Nördlich des Zentrums thront das mächtige Utah State Capitol. Vom steilen Aufstieg sollte sich niemand abschrecken lassen der Capitol Hill bietet den besten Blick auf die Metropole. Zum Schluss noch ein Tipp für Freunde der Genealogie: Die Family History Library ist die umfangreichste genealogische Sammlung der Welt. Bei freiem Eintritt können Besucher an den Computern Ahnenforschung betreiben, viele Geburts- und Sterbedaten reichen mehr als 500 Jahre zurück.

Ausflug in die Umgebung

Farbenfrohe Ankündigung der Olympischen Spiele im Wintersportort Park City

Farbenfrohe Ankündigung der Olympischen Spiele im Wintersportort Park City

Obwohl er der Salt Lake City den Namen gegeben hat, liegt die Stadt nicht direkt am Great Salt Lake.

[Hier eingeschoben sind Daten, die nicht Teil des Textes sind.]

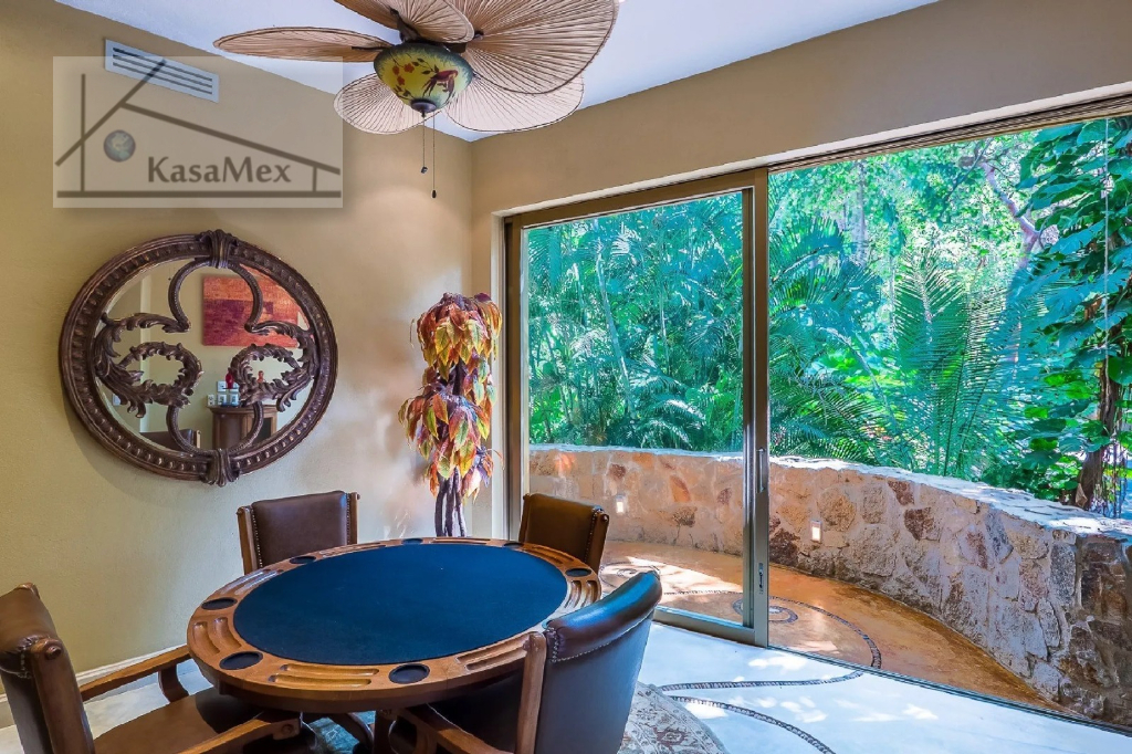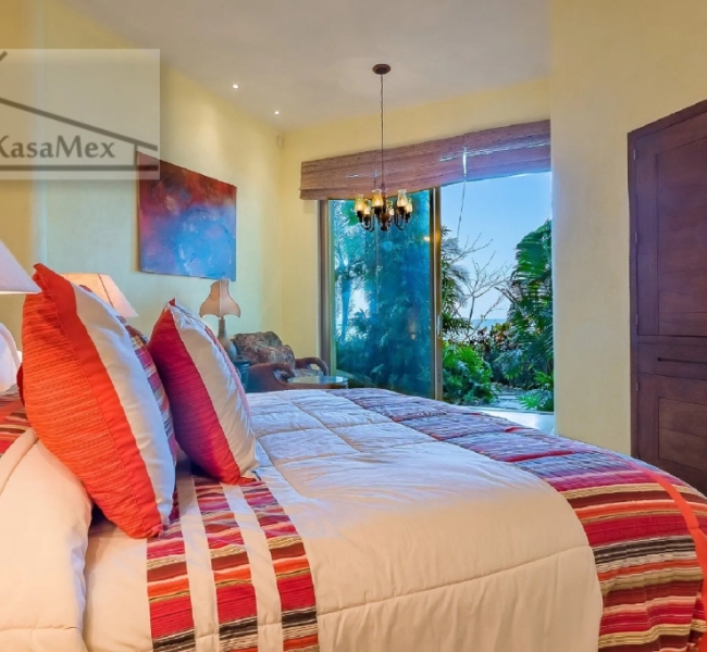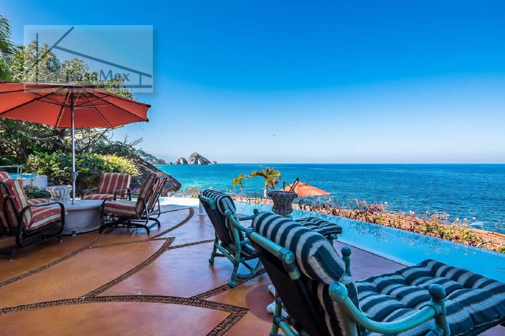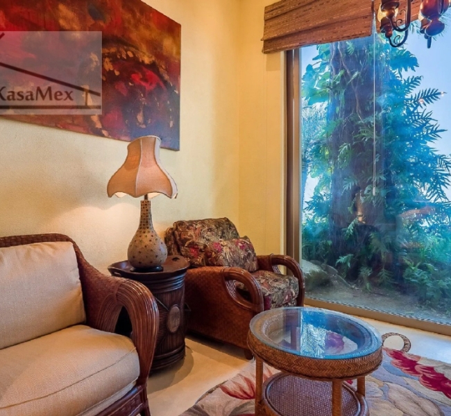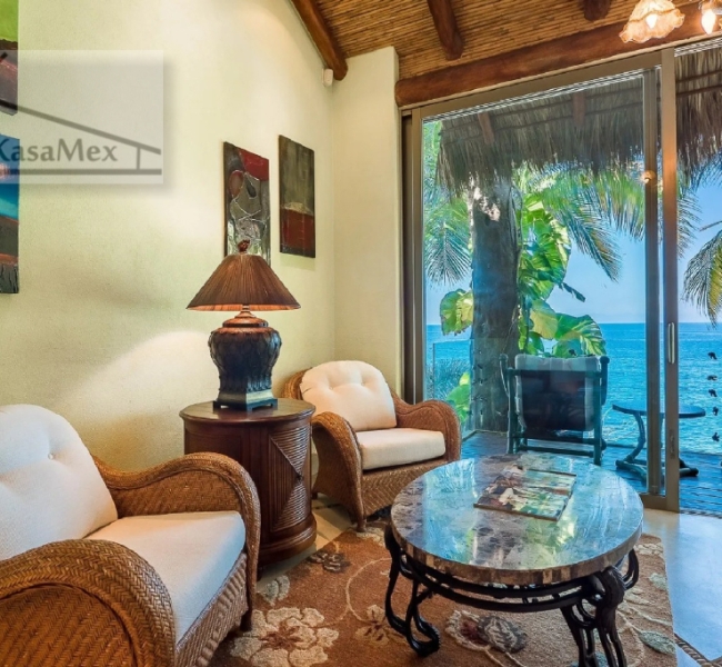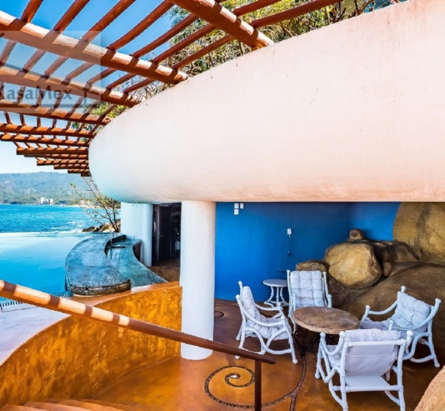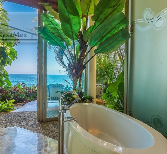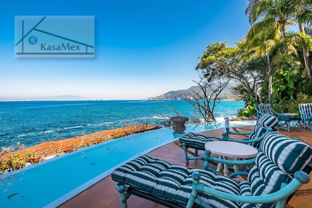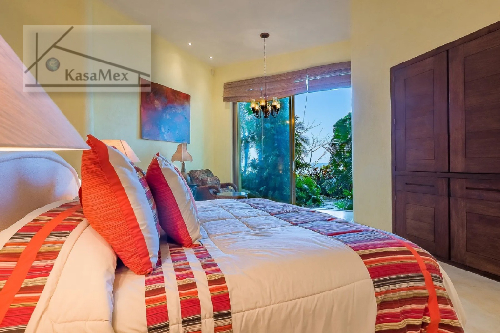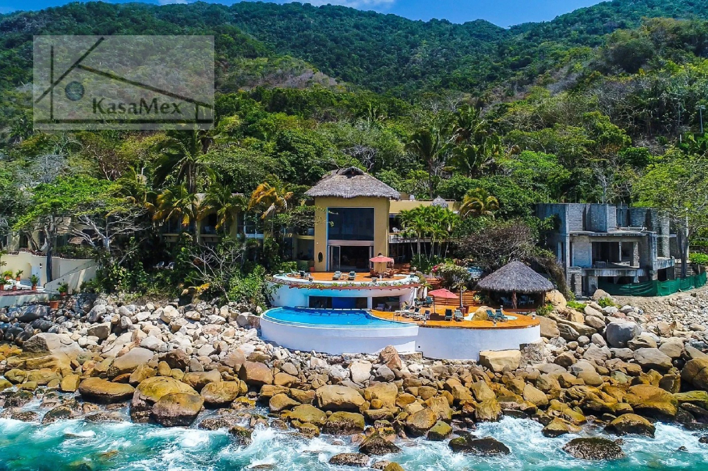 Situated on perhaps the most important site in the exclusive gated community in Puerto Vallarta. You are greeted by an imposing 2-story high solid wood entry door system. Upon entering the home your eyes are drawn to the expansive views of the Bay of Banderas and the entire coastline all the way to Punta Mita. The impressive and dramatic main living area is nearly 3 stories tall with a living tree meandering all the way through the roofline and the appearance of a palapa ceiling and roof. Custom-designed for entertaining, the living area opens to a full bar complete with its own natural rock formation embedded within and on the opposite side leads to the raised dining area. A culinary masterpiece, the design of the kitchen affords entertaining and preparation in an abundant space with the centerpiece being the boulder outcropping, bringing nature inside the living environment. While the overall breadth of the home is substantial, it is extremely liveable on only two floors and is fully serviced by an elevator. Living area 11,506 Sq Ft. Lot Site .3296 Acres As you walk through this turnkey home, note the artistic architectural details, from rounded walls, embedded hand-cut and placed river stones, exquisite marble, granite and stone surfaces, stained concrete flooring, and designs focused on taking advantage of the remarkable ocean vistas. Many of the bedrooms have dual purposes as is evidenced by their current use. For example the home is replete with a private home theater and executive office, both of which are easily converted to fully functioning bedrooms with their own private en-suite baths and walk-in closets with built-in cabinetry. The guest quarters is effectively a separate apartment and can be used by visiting guests who wish for additional privacy, or used as comfortable staff quarters with its own living room, kitchen area, private bedroom and full bath. In addition, the villa has a gym with private terrace, wine cellar for 100 bottles and a game/card room with private terrace overlooking the gardens. What would an oceanfront estate be without rambling terraces and patios to enjoy the lapping waves below? Thousands of feet of patio and terrace areas, off the bedrooms as well as off the main living areas of the home provide for an abundance of areas for relaxation and entertaining. The main terrace of the living room features a water trough feature with fountains, while the covered patio off the kitchen is ideal for dining at any time of the day. A heated Jacuzzi and pool offer the sun worshipers their own areas of captivation. Of course, the pool area also has a full bar and bathroom. And all of this engulfed by Mother Nature’s tropical paradise that surrounds Puerto Vallarta. There are simply too many features and amenities of this dramatic and artistic home to list out in such a small property profile. We invited you to set an appointment & discover for yourself this gorgeous property. The Price $ 3,950,000 USD. Price may vary without previous notice due to the exchange rate

Der 4000 m2 große Binnensee ist ein Überrest des 50 000 km2 umfassenden prähistorischen Lake Bonneville. Der abflusslose See mit den idyllischen Inseln war Ende des 19. Jahrhunderts ein beliebter Erholungsort. Als der Wasserpegel aus unerklärbaren Gründen drastisch sank, blieben die Besucher aus. Dafür stieg der Salzgehalt des Gewässers sprunghaft an, mit 25% ist er weltweit nach dem Toten Meer auf Platz zwei der salzhaltigsten Seen. Diese Situation könnte sich jedoch ändern, da der Wasserpegel seit den 1980er Jahren wieder steigt.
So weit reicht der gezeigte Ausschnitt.